Within the entries below, please return exactly the lines from the one with "Shot of a 12" through the one with "For iPad Air", leaving out any pictures.

§ LISTED RECORDS:
———
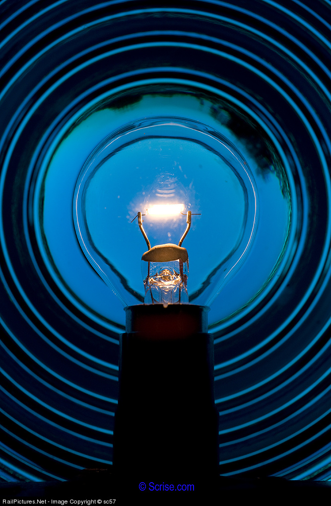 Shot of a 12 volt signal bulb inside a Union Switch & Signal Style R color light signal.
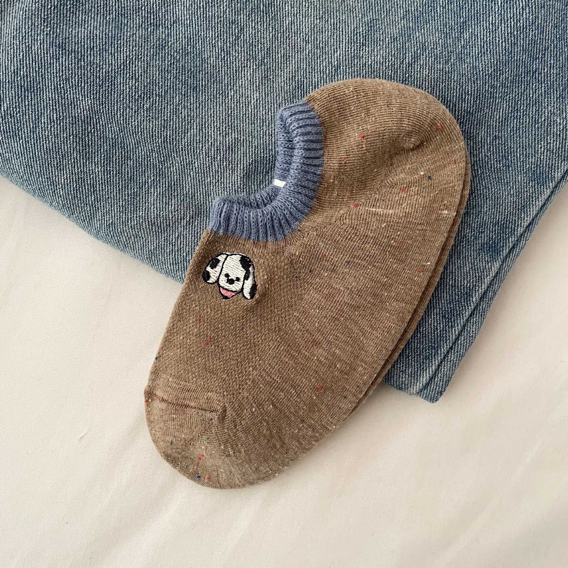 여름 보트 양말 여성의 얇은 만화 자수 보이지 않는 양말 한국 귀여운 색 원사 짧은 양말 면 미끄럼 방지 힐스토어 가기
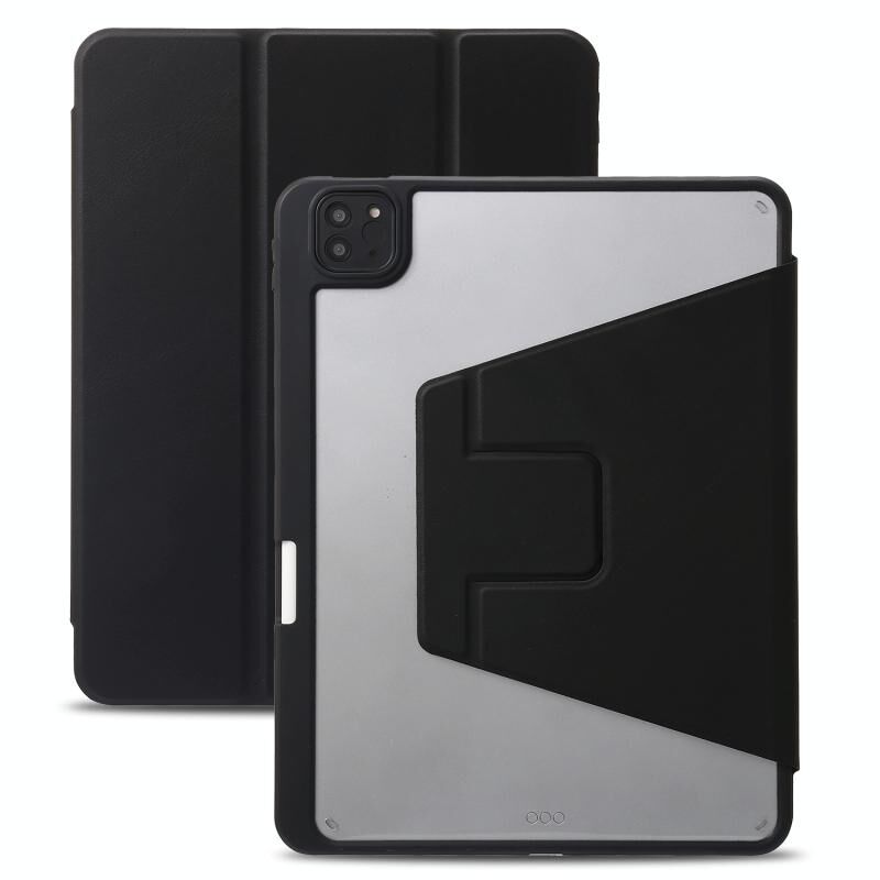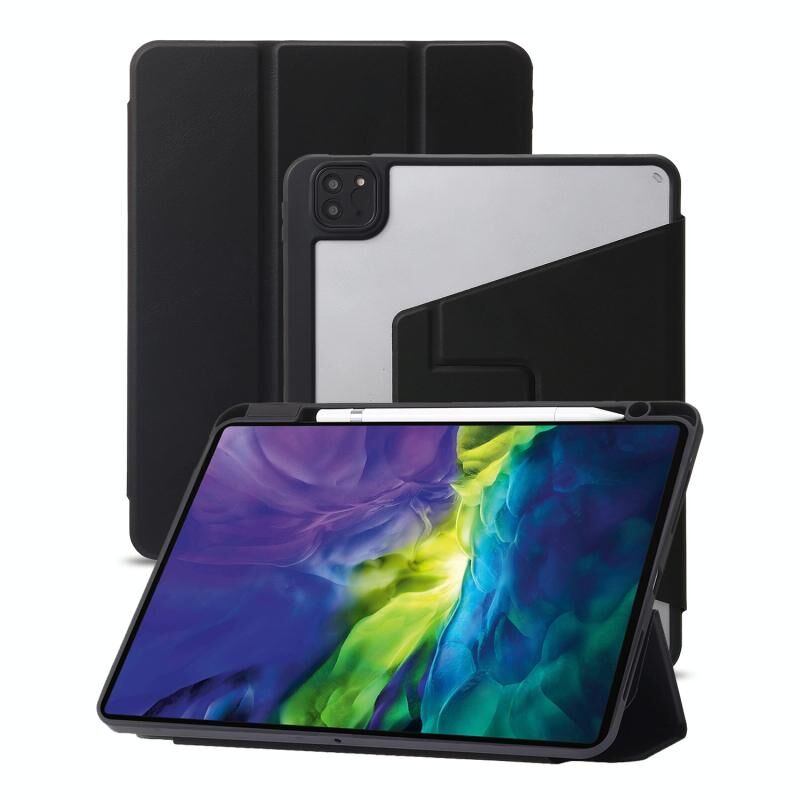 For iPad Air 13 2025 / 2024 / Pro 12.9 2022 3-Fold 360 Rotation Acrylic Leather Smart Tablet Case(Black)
———
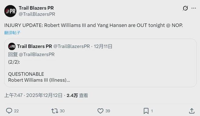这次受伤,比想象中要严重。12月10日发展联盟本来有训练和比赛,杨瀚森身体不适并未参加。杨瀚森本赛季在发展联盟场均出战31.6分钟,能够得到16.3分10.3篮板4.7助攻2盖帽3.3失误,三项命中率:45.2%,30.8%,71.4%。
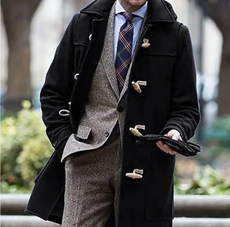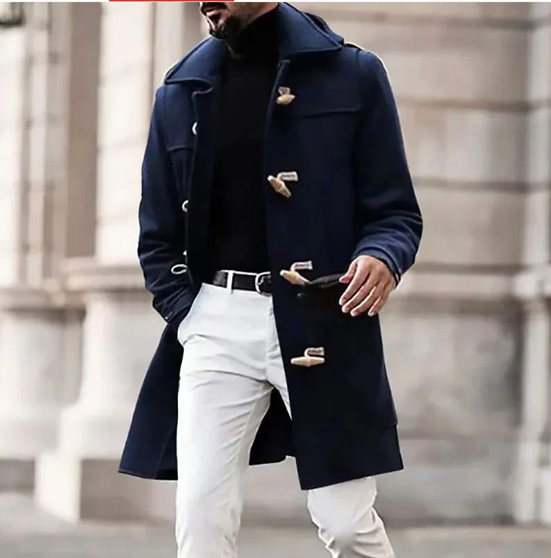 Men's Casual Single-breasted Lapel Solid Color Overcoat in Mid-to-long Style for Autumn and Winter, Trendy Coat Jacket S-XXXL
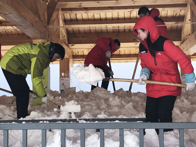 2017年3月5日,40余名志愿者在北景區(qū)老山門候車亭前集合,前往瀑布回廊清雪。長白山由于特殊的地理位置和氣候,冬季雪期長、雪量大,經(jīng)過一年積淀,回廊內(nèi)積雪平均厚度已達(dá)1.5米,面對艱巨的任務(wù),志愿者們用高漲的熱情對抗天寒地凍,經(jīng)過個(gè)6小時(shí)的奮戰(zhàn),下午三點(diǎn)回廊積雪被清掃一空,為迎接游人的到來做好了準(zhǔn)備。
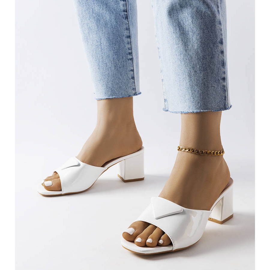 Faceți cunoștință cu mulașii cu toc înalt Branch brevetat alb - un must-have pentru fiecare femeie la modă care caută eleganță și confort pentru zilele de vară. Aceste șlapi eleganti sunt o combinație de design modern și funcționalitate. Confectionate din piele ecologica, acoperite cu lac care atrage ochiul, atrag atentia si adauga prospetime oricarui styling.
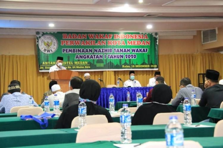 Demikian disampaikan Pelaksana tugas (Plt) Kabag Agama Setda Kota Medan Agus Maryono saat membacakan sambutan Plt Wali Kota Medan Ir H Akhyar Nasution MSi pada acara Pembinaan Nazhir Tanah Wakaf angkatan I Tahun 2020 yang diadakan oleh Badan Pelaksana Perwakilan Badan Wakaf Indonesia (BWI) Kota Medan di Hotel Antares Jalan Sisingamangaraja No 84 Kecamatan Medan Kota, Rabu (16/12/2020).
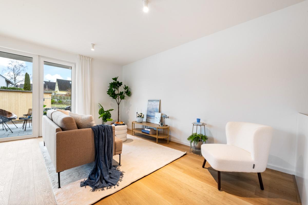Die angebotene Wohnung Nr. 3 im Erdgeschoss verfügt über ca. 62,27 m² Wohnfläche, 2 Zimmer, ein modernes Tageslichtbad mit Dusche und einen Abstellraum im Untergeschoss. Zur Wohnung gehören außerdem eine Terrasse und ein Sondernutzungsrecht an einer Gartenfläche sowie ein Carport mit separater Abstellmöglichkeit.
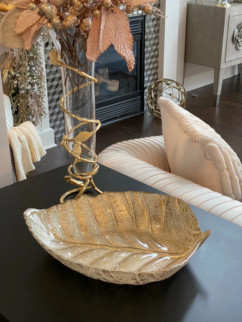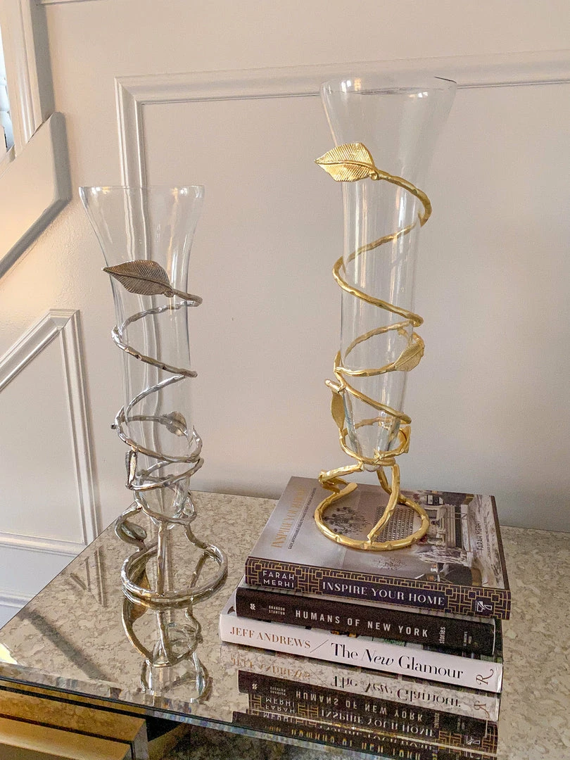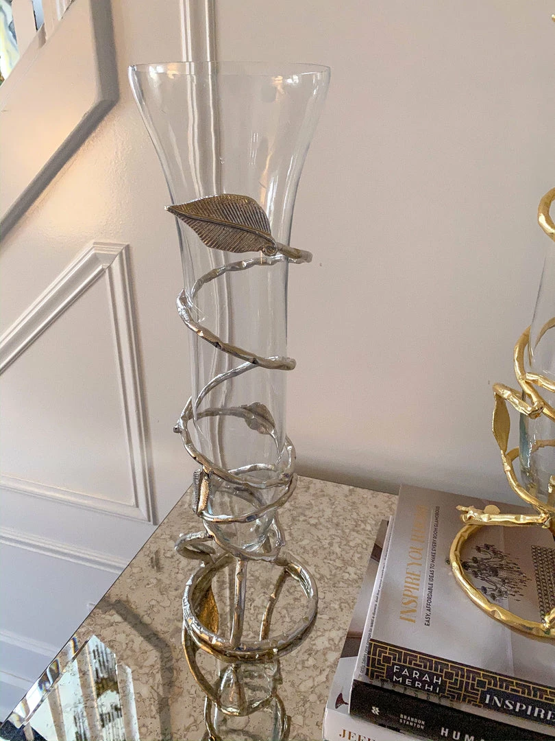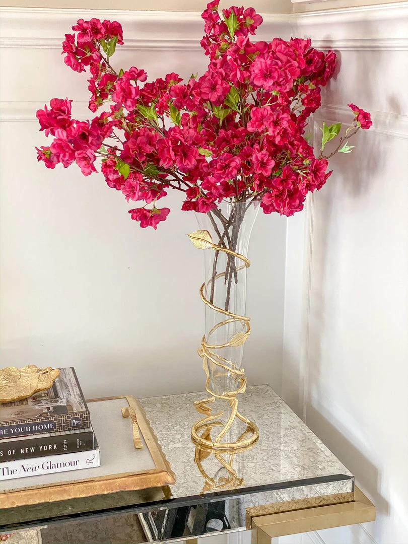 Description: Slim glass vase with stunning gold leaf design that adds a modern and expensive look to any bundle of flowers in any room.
———
§ EXERCISE RESULT:
 Shot of a 12 volt signal bulb inside a Union Switch & Signal Style R color light signal.
 여름 보트 양말 여성의 얇은 만화 자수 보이지 않는 양말 한국 귀여운 색 원사 짧은 양말 면 미끄럼 방지 힐스토어 가기
 For iPad Air 13 2025 / 2024 / Pro 12.9 2022 3-Fold 360 Rotation Acrylic Leather Smart Tablet Case(Black)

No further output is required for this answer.